§ Provided information

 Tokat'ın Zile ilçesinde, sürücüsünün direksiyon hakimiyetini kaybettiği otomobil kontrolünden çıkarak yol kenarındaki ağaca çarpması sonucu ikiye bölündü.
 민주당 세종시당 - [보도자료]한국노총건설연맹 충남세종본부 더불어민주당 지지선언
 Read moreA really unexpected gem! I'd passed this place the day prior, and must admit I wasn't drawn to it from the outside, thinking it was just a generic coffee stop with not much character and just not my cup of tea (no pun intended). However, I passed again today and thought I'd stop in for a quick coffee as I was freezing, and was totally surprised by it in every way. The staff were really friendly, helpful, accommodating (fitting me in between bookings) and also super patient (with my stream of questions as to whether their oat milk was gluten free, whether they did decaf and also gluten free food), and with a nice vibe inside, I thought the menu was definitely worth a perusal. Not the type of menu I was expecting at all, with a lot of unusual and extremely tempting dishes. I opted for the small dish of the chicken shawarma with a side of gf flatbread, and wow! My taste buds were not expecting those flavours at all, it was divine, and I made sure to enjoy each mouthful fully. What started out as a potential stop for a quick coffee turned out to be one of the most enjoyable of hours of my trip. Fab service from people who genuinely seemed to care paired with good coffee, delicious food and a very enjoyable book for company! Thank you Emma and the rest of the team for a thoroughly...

==

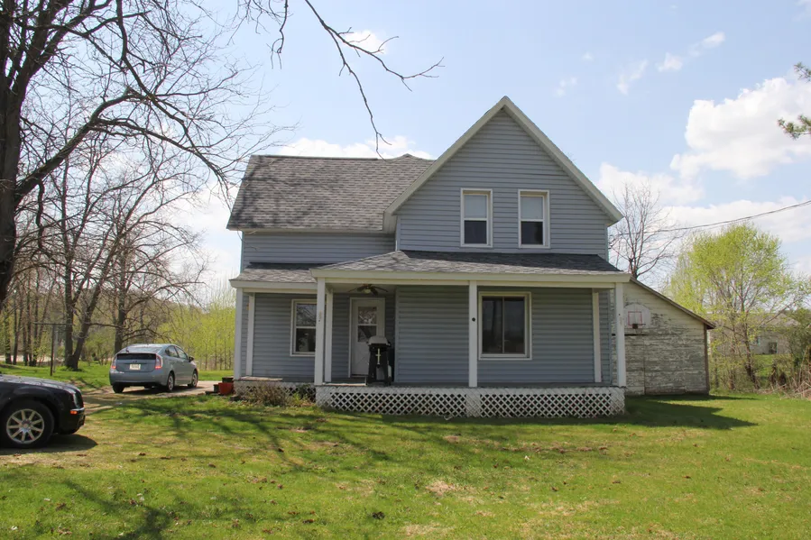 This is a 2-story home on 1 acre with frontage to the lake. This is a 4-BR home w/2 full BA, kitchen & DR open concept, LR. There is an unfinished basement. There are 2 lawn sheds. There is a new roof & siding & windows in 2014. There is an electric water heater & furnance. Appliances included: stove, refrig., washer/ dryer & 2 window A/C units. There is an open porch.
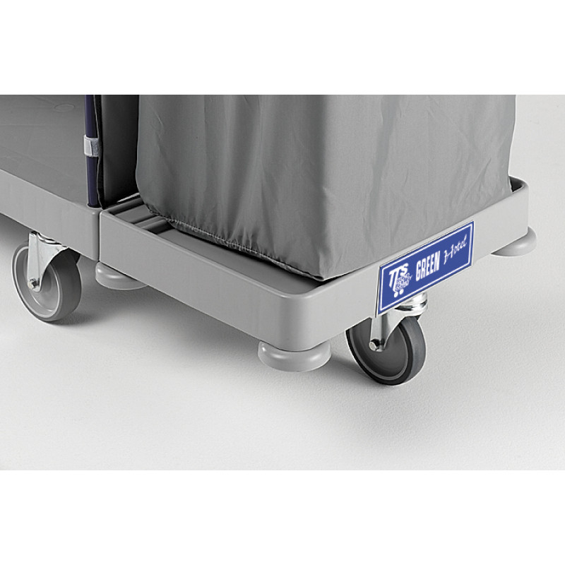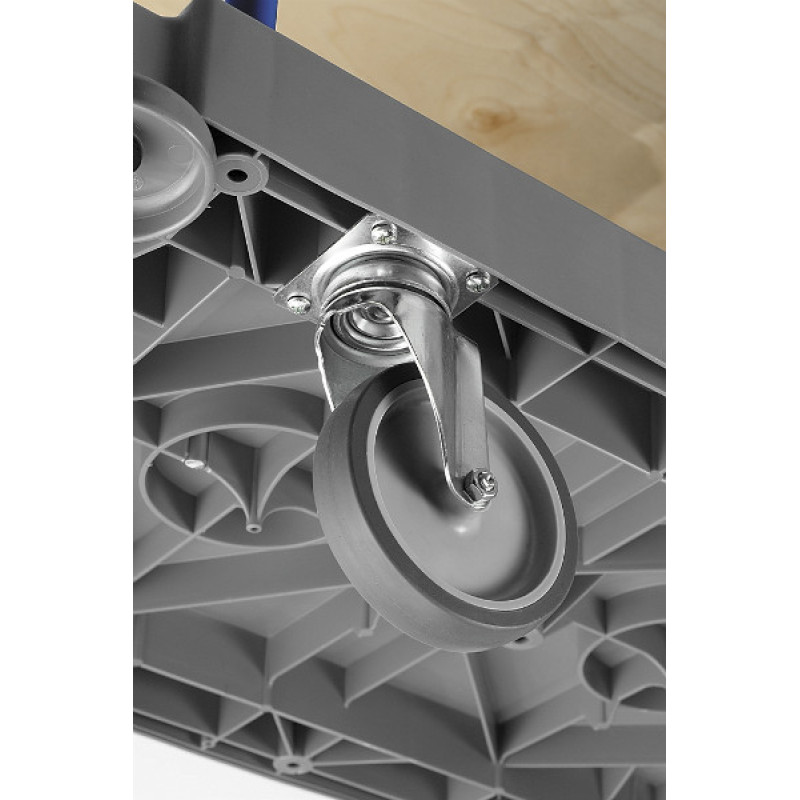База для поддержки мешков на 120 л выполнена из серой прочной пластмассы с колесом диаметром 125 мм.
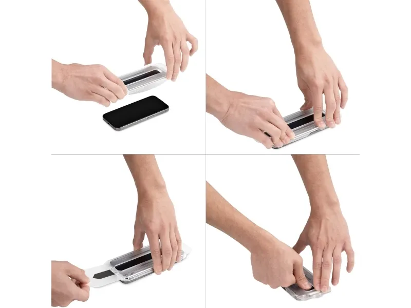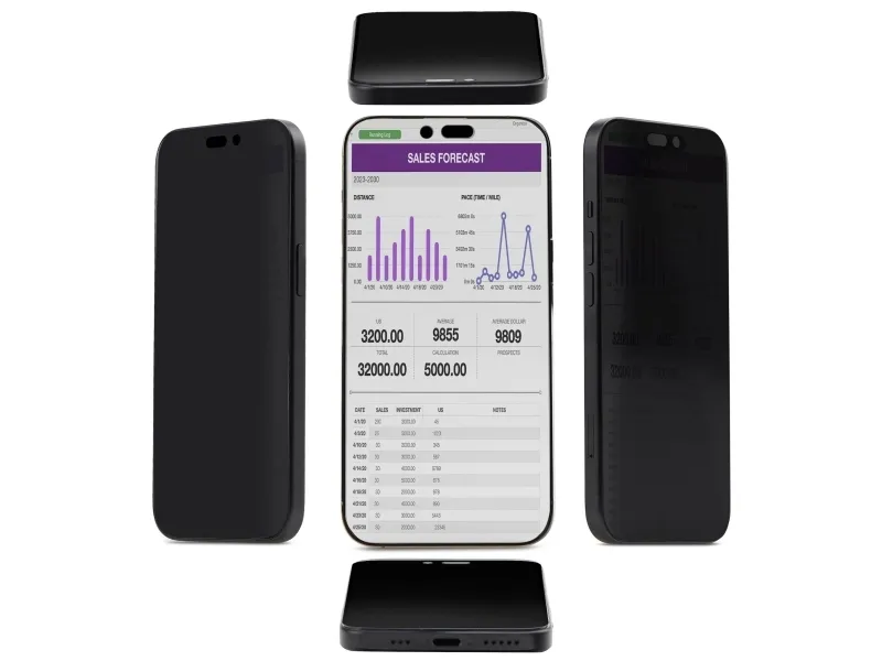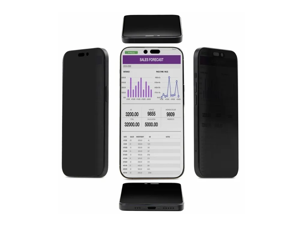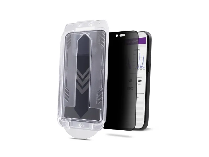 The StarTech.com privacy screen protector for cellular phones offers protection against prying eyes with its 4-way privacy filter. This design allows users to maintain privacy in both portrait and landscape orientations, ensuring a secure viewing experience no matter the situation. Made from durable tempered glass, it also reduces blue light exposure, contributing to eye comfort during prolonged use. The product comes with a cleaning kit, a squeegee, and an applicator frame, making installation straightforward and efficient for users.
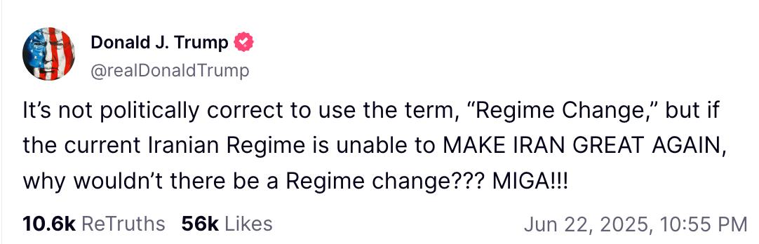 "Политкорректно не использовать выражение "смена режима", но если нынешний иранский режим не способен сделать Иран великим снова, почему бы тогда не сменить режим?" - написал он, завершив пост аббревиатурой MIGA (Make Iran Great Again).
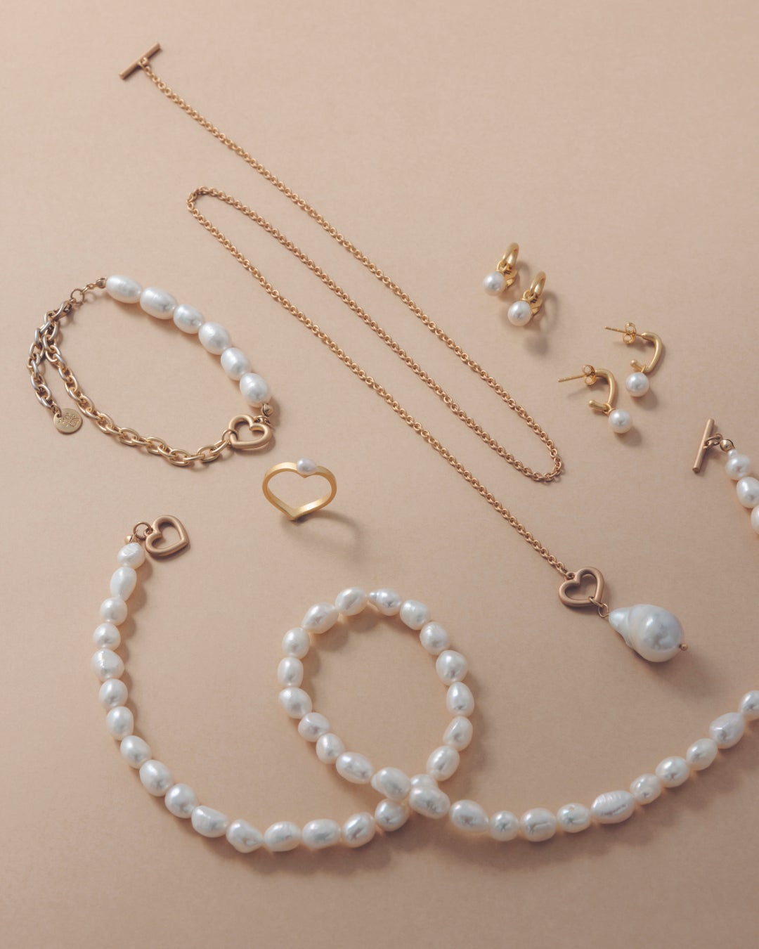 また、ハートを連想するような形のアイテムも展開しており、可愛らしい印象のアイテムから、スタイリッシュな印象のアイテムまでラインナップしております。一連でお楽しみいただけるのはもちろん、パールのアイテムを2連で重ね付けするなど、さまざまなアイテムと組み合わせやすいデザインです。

...

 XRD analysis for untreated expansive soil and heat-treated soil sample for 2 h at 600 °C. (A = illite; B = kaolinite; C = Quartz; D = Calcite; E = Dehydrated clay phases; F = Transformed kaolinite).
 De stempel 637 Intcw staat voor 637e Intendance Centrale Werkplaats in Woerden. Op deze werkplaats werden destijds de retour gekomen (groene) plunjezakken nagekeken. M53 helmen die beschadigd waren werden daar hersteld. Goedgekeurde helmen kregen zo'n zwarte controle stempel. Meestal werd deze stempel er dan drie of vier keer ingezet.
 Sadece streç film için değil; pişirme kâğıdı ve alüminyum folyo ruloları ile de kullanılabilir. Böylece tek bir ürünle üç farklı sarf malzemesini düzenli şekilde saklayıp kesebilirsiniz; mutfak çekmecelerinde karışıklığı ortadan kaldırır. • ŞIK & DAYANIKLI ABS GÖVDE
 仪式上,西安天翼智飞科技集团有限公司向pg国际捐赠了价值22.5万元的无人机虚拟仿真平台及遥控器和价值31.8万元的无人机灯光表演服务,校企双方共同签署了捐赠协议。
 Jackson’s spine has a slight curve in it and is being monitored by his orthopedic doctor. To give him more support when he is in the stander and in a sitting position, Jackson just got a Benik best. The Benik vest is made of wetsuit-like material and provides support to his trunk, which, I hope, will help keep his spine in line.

§ Your instructions
Proceeding from the line containing "Sadece streç film" through the line containing "Jackson’s spine has", transcribe the lines above exactly, both end lines included.

§ Solution for this task
 Sadece streç film için değil; pişirme kâğıdı ve alüminyum folyo ruloları ile de kullanılabilir. Böylece tek bir ürünle üç farklı sarf malzemesini düzenli şekilde saklayıp kesebilirsiniz; mutfak çekmecelerinde karışıklığı ortadan kaldırır. • ŞIK & DAYANIKLI ABS GÖVDE
 仪式上,西安天翼智飞科技集团有限公司向pg国际捐赠了价值22.5万元的无人机虚拟仿真平台及遥控器和价值31.8万元的无人机灯光表演服务,校企双方共同签署了捐赠协议。
 Jackson’s spine has a slight curve in it and is being monitored by his orthopedic doctor. To give him more support when he is in the stander and in a sitting position, Jackson just got a Benik best. The Benik vest is made of wetsuit-like material and provides support to his trunk, which, I hope, will help keep his spine in line.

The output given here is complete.